Igor: Il nostro jet è stato un impagabile Vito (cambio automatico e cruise control a nastro) abbiamo rischiato vari speronamenti in rotonda, ci siamo beccati qualche canchero… dal labiale dietro al finestrino ho capito: “@#%$ evvribbaddaya @#%$”…quindi tutto regolare!!! il più delle volte eravamo accolti dagli inebrianti profumi dei locali inglesi e la nostra colonna sonora sono stati gli Iron Maiden a tutto volume !!!

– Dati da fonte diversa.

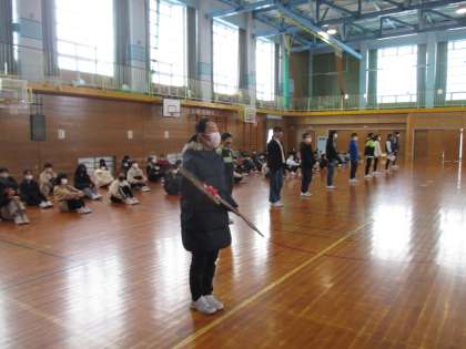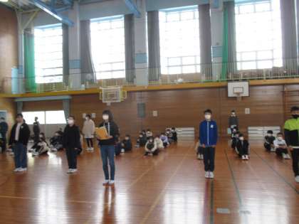2月25日の児童会引き継ぎ式に向けて、6年生で練習を行いました。

Quante volte avete forato? Rotto il furgone? Ovviamente di notte? Pioveva? Dopo un concerto, esaltati, come prendevate le rotatorie? Vi ha fermato la polizia? Multe?

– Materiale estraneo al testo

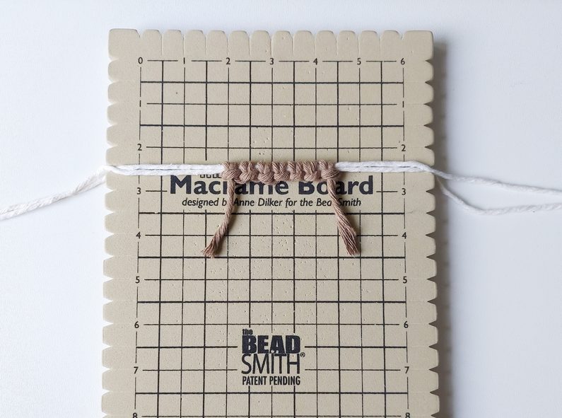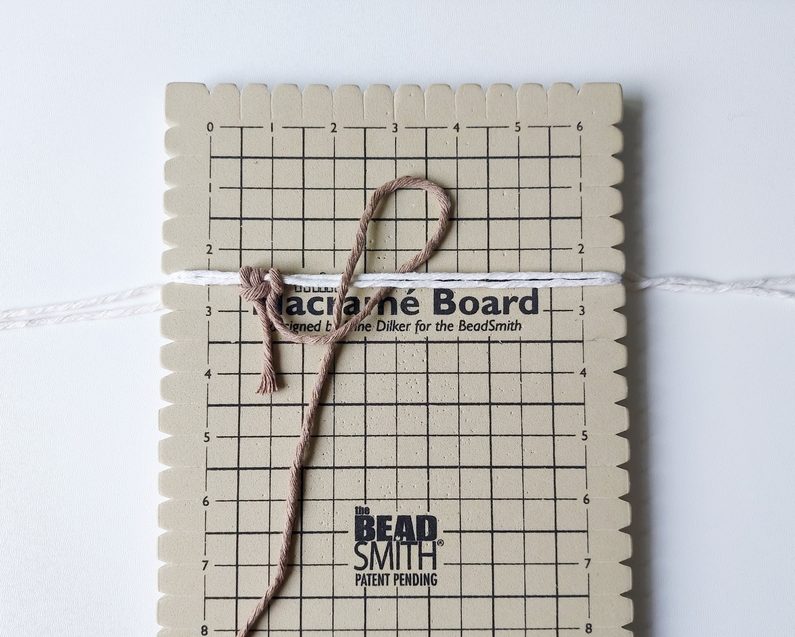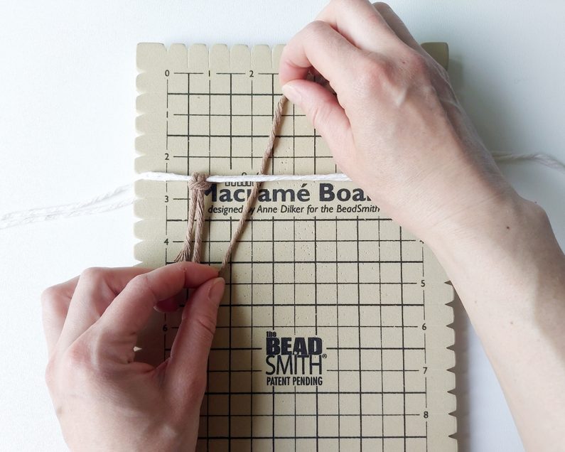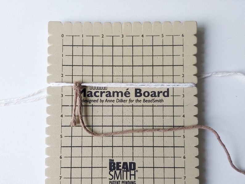 Připravíme si 2 kusy příze o délce 1 m jako základ na ouška. Uchytíme je do macramé podložky v cca polovině jejich délky.

Igor: Non me lo spiego, ma siamo scivolati sul territorio franco-britannico senza incappare in sfighe preannunciate dai Maya, incredibile ma vero pensavo che alla dogana avrebbero incatenato Neb mentre esclamavano : “finalmente lo abbiamo beccato il porcone” e fuso la chiave della cella… invece no, il Vito non ha dato un colpo di tosse, è andato tutto talmente liscio che scusate …ma me li tocco per il futuro !!!

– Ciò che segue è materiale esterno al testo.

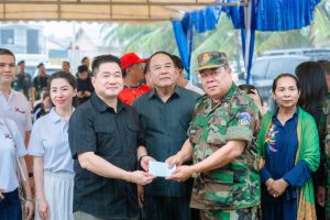 និងបងប្អូនប្រជាពលរដ្ឋ ព្រមទាំងបងប្អូនក្រុមគ្រួសារជនភៀសសឹក ចំនួន៦១៩គ្រួសារទៀត ដោយក្នុង១គ្រួសារទទួលបាននូវ៖អង្ករ ១បាវ,ទឹកបរិសុទ្ធ ៦ដប,មីខ្លាឃ្មុំ ២០កញ្ចប់,ទឹកផ្លែឈើ Era gold 5 កំប៉ុង,នំប្រៃ ១កញ្ចប់,ទឹកស៊ីអ៊ីវ ១យូរ,អំបិលម្រិច ១ខ្សែរ,ទឹកដោះគោ ២កញ្ចប់,បាយប្រអប់ ៤ប្រអប់,ស្ករ ១កញ្ចប់,ទឹកត្រី ១យូរ,ត្រី ខ ១យូរ,អំបិល ១កញ្ចប់,មុង ១,ភួយ ១,ថ្នាំពេទ្យមួយចំនួន,អាវរងារ ១,នំសូកូឡា សាំងវិច ១កេស,នឹងថវិកា ក្នុងម្នាក់ ២ម៉ឺនរៀលថែមទៀត។

Marco: I Carabinieri di Imola ci ha fermato alla partenza alle 3.30 sotto casa di Igor, pensando stessimo svaligiando il palazzo: sono entrati nella via in contro mano a sirene lampeggianti spiegate e… “chefffffate e dddddove ve ne annnnate a quest’ora ehhhhh??” e noi “andiamo in Inghilterra”… loro “mizzzzzzegha e peccchè nunciannnnnate n’aereo???”!!! E’ stato benaugurante ….
So benissimo che in realtà avevate un budget fantascientifico. Hotel 5 stelle superiori del tipo “stanotte tocca a me dormire DENTRO il furgone” oppure il vocalist che voleva l’unica coperta disponibile in quanto “lui non può prendere un raffreddore (gli altri che prendano la polmonite!)”?
Igor: Purtroppo ho dovuto dividere un letto da una piazza e mezzo con l’onnipresente Neb che tentava di approcciarmi e ho dovuto respingerlo tutta notte…. (ride, ndr) (scherzo)… poi dando retta al mitico Malc a Wakefield nel suo doubledecker tour-bus mi sono dovuto chiudere a uovo dentro al sacco a pelo… “ragazzi spegnete pure la stufetta quando andate a letto se no si fa troppo caldo”… era freddo come il tocco della morte!!
Marco: Sinceramente, considerando che al momento pare non abbiamo preso piattole o pidocchi, ho apprezzato la notte nella Doghouse di Boston… esperienza da provare almeno una volta prima di schiattare!!!
Tre souvenir ESSENZIALI che una rockstar in tour si porta a casa dall’Inghilterra? (Solo cose legali per favore…beh, fate voi)
Igor: Il liquore che ti ha dato soddisfazione… il Famous Grouse!!… il LoveSpoon (usanza Gallese) per fare pace con la compagna che ti aspetta a casa con il mattarello in mano e/o il teaser e il ricordo di un’esperienza che comunque puoi raccontare ai tuoi figli… o alle figlie degli altri (ride, ndr)
Marco: In realtà il Famous Grouse l’ho comprato io, vedi di rendermelo…cosa te lo sei tenuto??? Ho conservato anche una reliquia, un resto di una bottiglia di Stuka Berg, imitazione molto “cheap” dello Jaegermeister, che si beve in Galles… ricordi del “The Duke”… Poi ad un mercato delle pulci ho raccattato un maxi 45 giri di “Hot For The Teacher” dei Van Halen ed un picture disc dei Queensryche… arrapetion!!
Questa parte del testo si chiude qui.